Real-time, two-way ASL ↔ Speech communication
A deaf or hard-of-hearing person signs into their webcam → the app translates it into spoken words. A hearing person speaks back → their words appear as text for the signer to read.
sequenceDiagram
actor S as 🤟 Signer
participant B as Browser
participant WS as WebSocket
participant MP as MediaPipe Hands
participant RF as Random Forest
participant UI as Sentence Builder
actor L as 👂 Listener
Note over S,L: ── ASL → Speech (Signer to Listener) ──────────────────────
S->>B: Show ASL sign to webcam
B->>WS: JPEG frame (binary · 15 fps)
WS->>MP: Raw frame bytes
MP->>MP: Extract 21 hand landmarks (63 floats · wrist-normalised)

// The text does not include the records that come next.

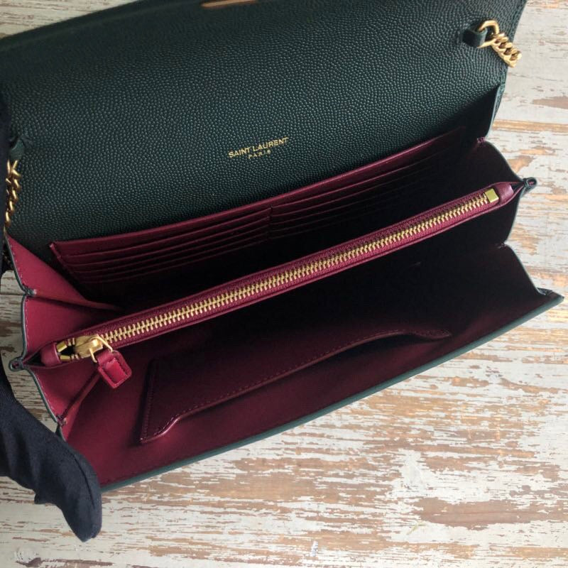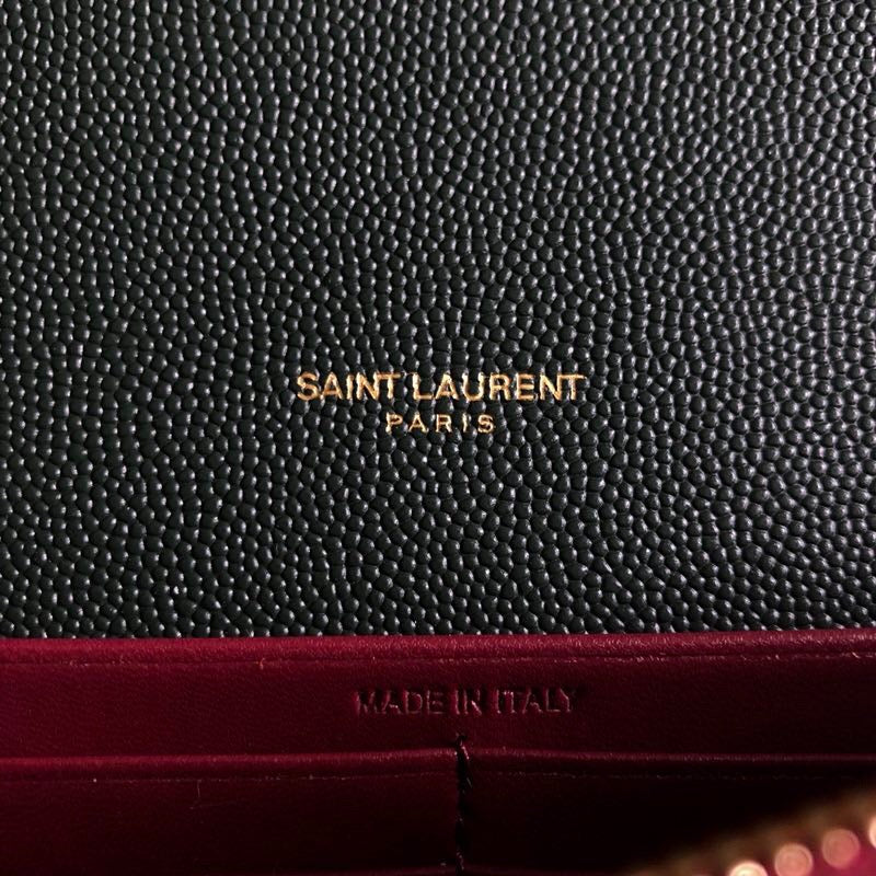 S.L monogram bag made with metal-free tanned and organic cotton lining, featuring a flap on front and studs on the sides, two compartmtlmts, a flat pocket in front with a pivoting ysl fasttlming and a double curb chain.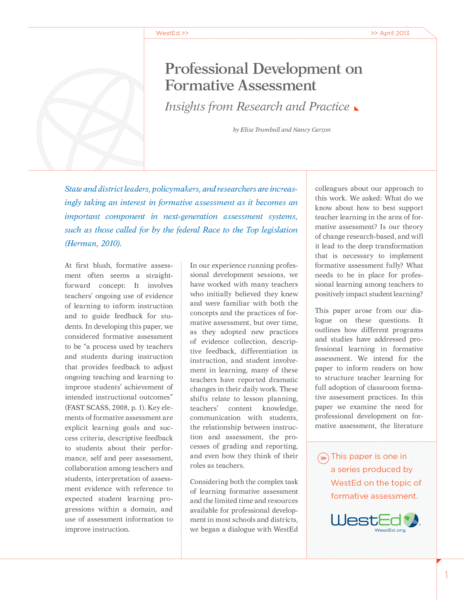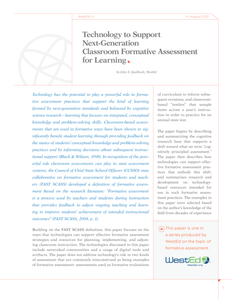 Additional WestEd resources on formative assessment are available online.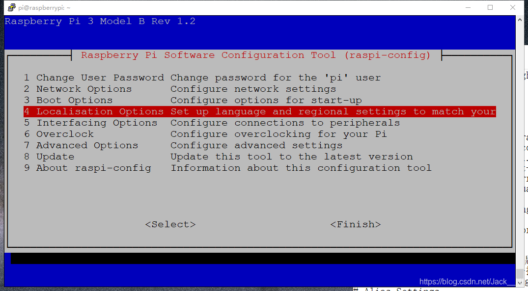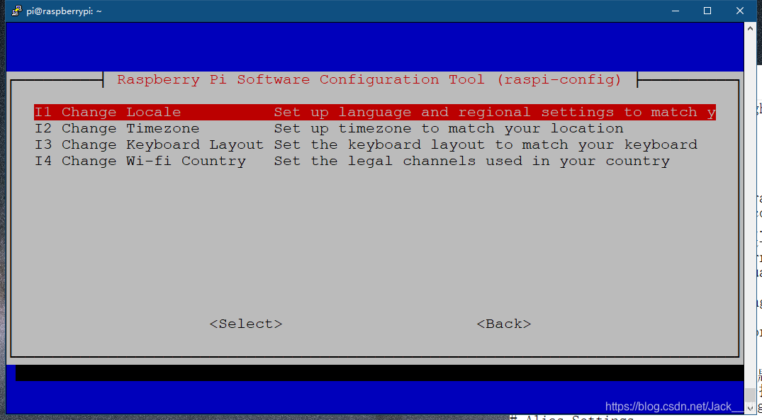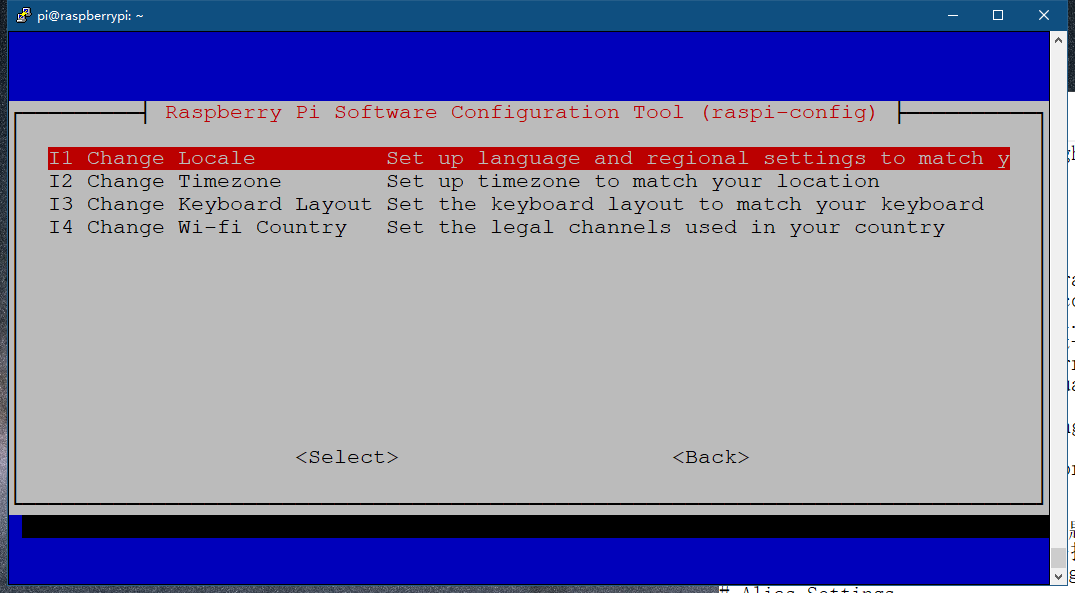 进入树莓派的设置中心,使用方向按键控制上下,使用回车或esc键控制进退,选择4 Localisation Options --> I1 Change Locale进入语言设置。

MP->>RF: Landmark feature vector
RF-->>WS: Predicted letter + confidence (0 – 1)
WS-->>UI: Prediction JSON
UI->>UI: Hold-ring fills over 1.5 s → letter confirmed → sentence grows
UI->>L: Speak & Send → speechSynthesis reads sentence aloud
Note over S,L: ── Speech → Text (Listener to Signer) ──────────────────────
L->>B: Speaks into microphone
B->>B: Web Speech API — continuous SpeechRecognition
B-->>S: Transcript appears in conversation feed
| Feature | Detail |
|---|---|
| Real-time sign detection | 21-landmark MediaPipe pipeline, one inference per WebSocket round-trip |
| Hold-to-confirm | Hold any ASL sign for 1.5 s to commit the letter — prevents accidental input |
| Two-way communication | Signer → TTS speaks it aloud · Listener → STT transcribes back to text |
| Dual theme | Neumorphic dark + light themes, persisted across sessions |
| 91 automated tests | 59 frontend (Vitest) + 32 backend (pytest) |
| Zero-queue latency | Back-pressure: only one frame in-flight at a time — no buffer buildup |
| Layer | Technology | Purpose |
|---|---|---|
| Frontend | React 19 + Vite + TypeScript | UI and camera capture |
| Styling | Tailwind CSS v4 + custom neumorphic system | Dark/light neumorphism theme |
| Animations | Framer Motion | Transitions, ripple rings, entrance choreography |
| Backend | FastAPI + Uvicorn | WebSocket endpoint, inference API |
| Hand Tracking | MediaPipe Hands | 21-landmark extraction (63 floats per frame) |
| Classifier | scikit-learn Random Forest | Letter prediction from landmarks |
| Real-time | WebSocket binary frames | JPEG bytes → JSON prediction |
| Speech | Web Speech API | TTS (speechSynthesis) + STT (SpeechRecognition) |
Sign-Language-Translator/
│
├── backend/
│ ├── model/
│ │ ├── preprocess.py ← Runs MediaPipe on dataset → landmarks.csv
│ │ ├── train.py ← Trains Random Forest → asl_model.pkl
│ │ └── asl_model.pkl ← Trained model (not in git — you generate it)
│ │
│ ├── tests/
│ │ ├── conftest.py ← Shared fixtures (TestClient, JPEG frames)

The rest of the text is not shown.